Yeah, I think that paying for a live concert implies that the music, too, will be as live as possible. Rush can get away with triggered samples during a concert, because everybody's working their ass off still, and the bulk of the musicality is not in the samples, but the performers. Of course, as ever is the case with art, it's subjective. My mother and sister went to see a performance of Tchaikovsky's "The Nutcracker", and the orchestra was completely from recording. If you're watching to see people dance, you won't mind. If you're watching for music, then you'll probably be sorely disappointed.


----------



## Guitarman700 (Jan 15, 2011)

Because playing live is the Be all, End all of music...
I have a recent track I did with 10 different guitar tracks. Its all about how it sounds, How the song builds and evolves. I don't plan to play any of this material live though, so....


----------



## JamieB (Jan 16, 2011)

Thanks for the feedback guys loving some of the comments and he guy who's discussing bass seems to know his stuff but the whole "MEANT TO DO" thing is dangerous but lets be honest dont play guitar on a bass.

Its not what its for.



Thanks alot guys much apreciated


----------



## JohnIce (Jan 16, 2011)

I tend to really separate the live show from the studio experience. My philosophy is that when you're in the studio, embrace the fact that you have possibilities that you don't have live. And when playing live, take the opportunity to express things that wouldn't come across, or you just wouldn't do, on a record. Such as extending songs, changing lyrics for fun, making up a great stage act etc. or even rearrange the stuff.
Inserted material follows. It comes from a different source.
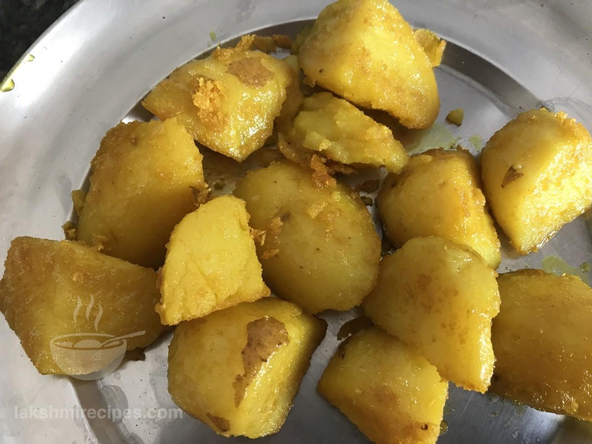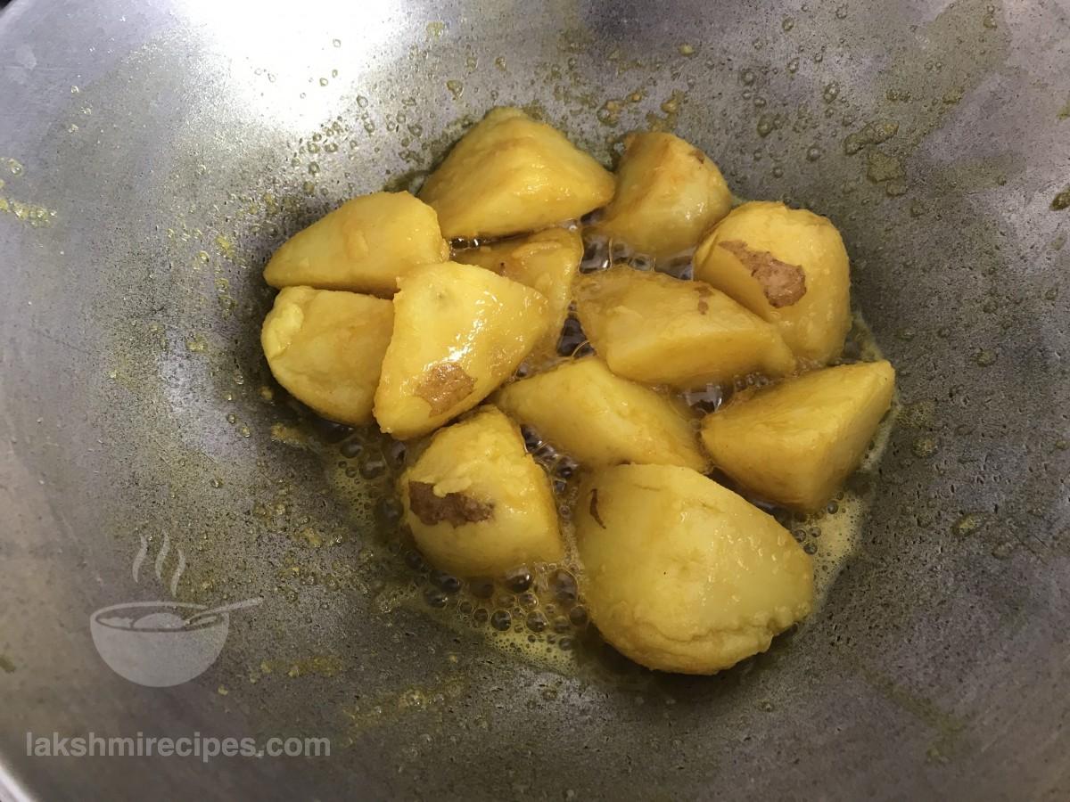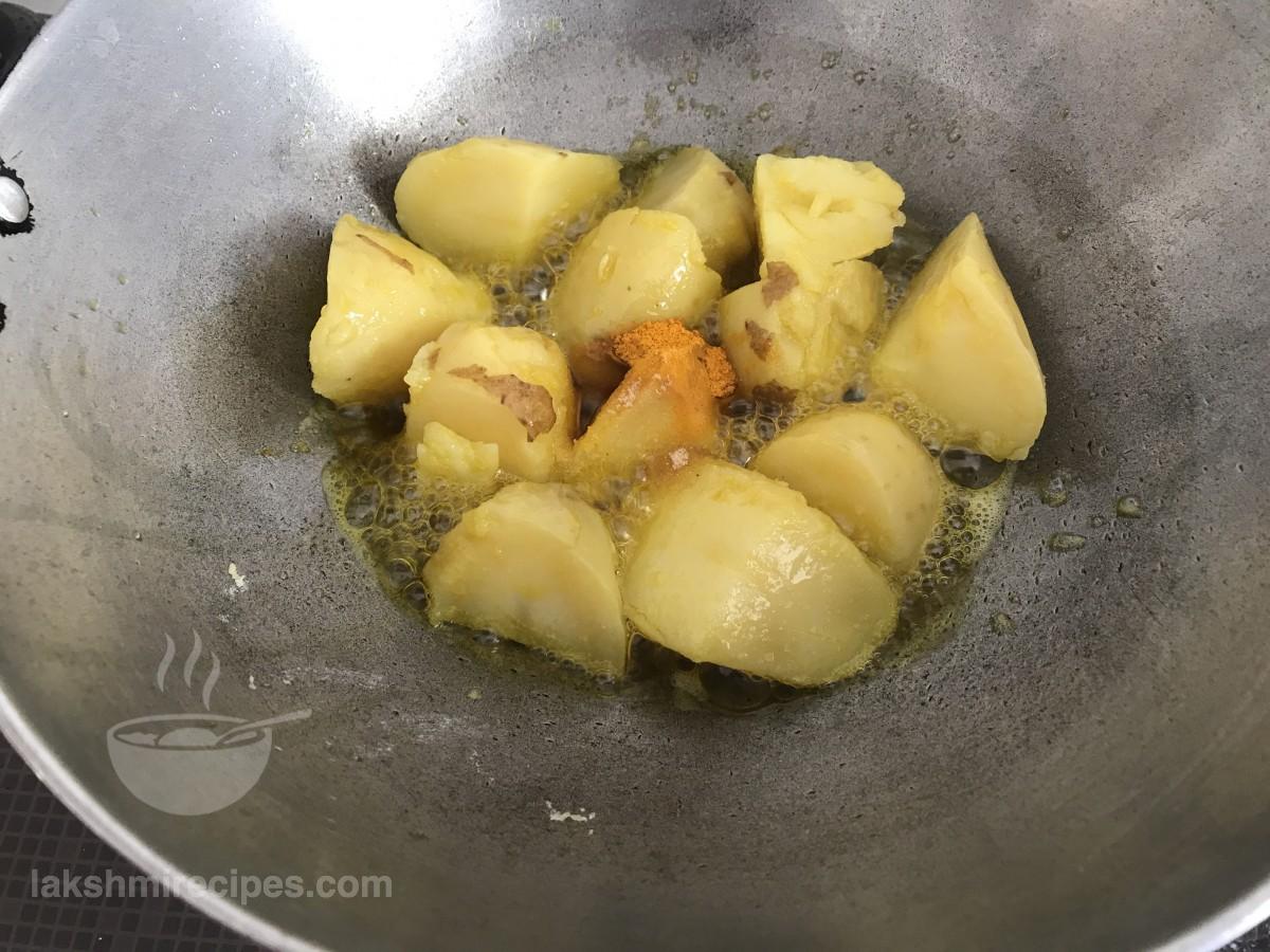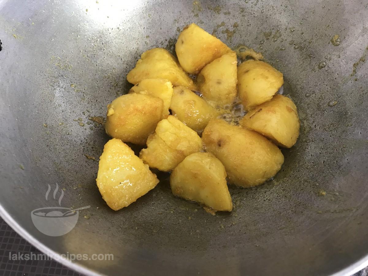 - Then add turmeric powder and 1-2 pinch salt to it. Stir to mix the ingredients well. Cook the potato pieces till they appear cooked and reddish golden in color. Then transfer the cooked pieces of boiled potato to a plate to be used later.

My point is that I prioritize differently live and in the studio. A live show to me is all about entertainment and creating an experience for the audience. A record is just meant to sound as great as possible, and if it sounds better with an extra guitar during the solo, then by all means put it there. A lot of people here on SS.org have heard my recordings but not a single one of you has seen me live, nor will you in the foreseeable future. A recording will last forever, with possibly millions of listeners, but a live show is a one-time occurance and will only be heard by the small amount of people attending that night, then it's gone. And the majority of those people will not be listening for that extra guitar during the solo, they'll be distracted by everything else. Some of them might not even have heard your record at all, they're there to see another band or they've just been dragged there by their friends.
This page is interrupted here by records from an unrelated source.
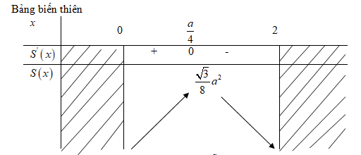 Ta có : \(S’\left( x \right) = \sqrt 3 \left( {a – 4x} \right)\)
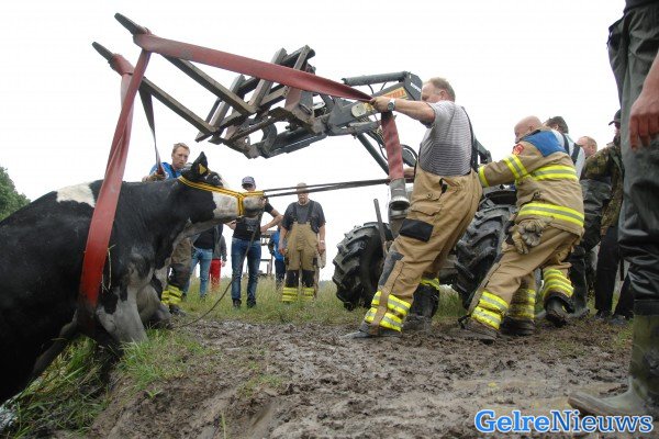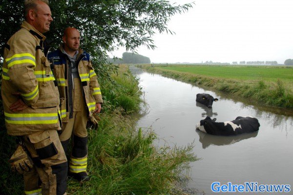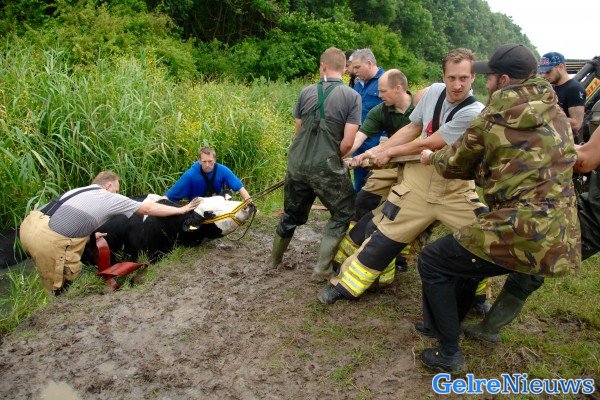 Met veel kunst en vliegwerk is het de brandweer gelukt om de dieren uit de diepe sloot te krijgen. De brandweer kreeg hulp van een behoorlijk aantal omstanders. Het “redden” van de dieren nam ruim tweeënhalf uur in beslag.
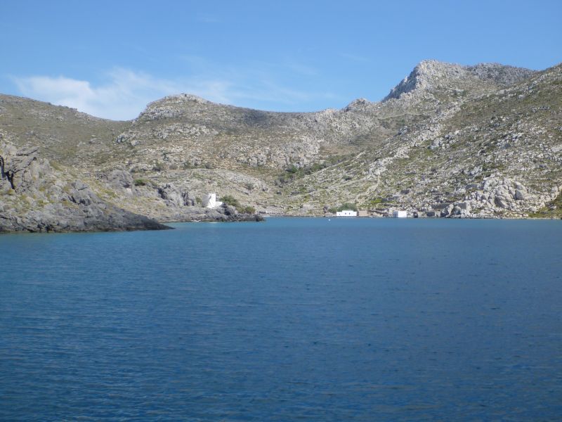 Der nächste Tag führt und bei einem schönen Halbwindkurs Richtung Tilos. Die erste Nacht verbringen wir vor Anker um am nächsten Morgen in Ruhe längsseits an der Innenseite des Wellenbrechers festzumachen. Abends legt eine große Blue Star Fähre an und wir sind froh, nicht auf der Außenseite zu liegen. Das wäre echt "Scary". Anlegen, Ent- und Beladen und Ablegen geht so schnell, da könnte sich mancher Busfahrer eine Scheibe abschneiden.

That said, I agree with most people here in that the live show shouldn't be radically different from the record. That'd be tricking your supporters. They liked your record for a reason, so you better make sure they like your live show too. I think it's a great idea to go all out and enhance your material on a record but not at the expense of your live show being a letdown.


----------



## SnowfaLL (Jan 16, 2011)

I actually have always felt like playing live is the easy part. Writing is hard as shit, but learning songs, even if its someone elses songs, are usually easy to do with afew weeks of practice. (outside of some of the top crazy masters, like Jason Becker/Guthrie/Vai)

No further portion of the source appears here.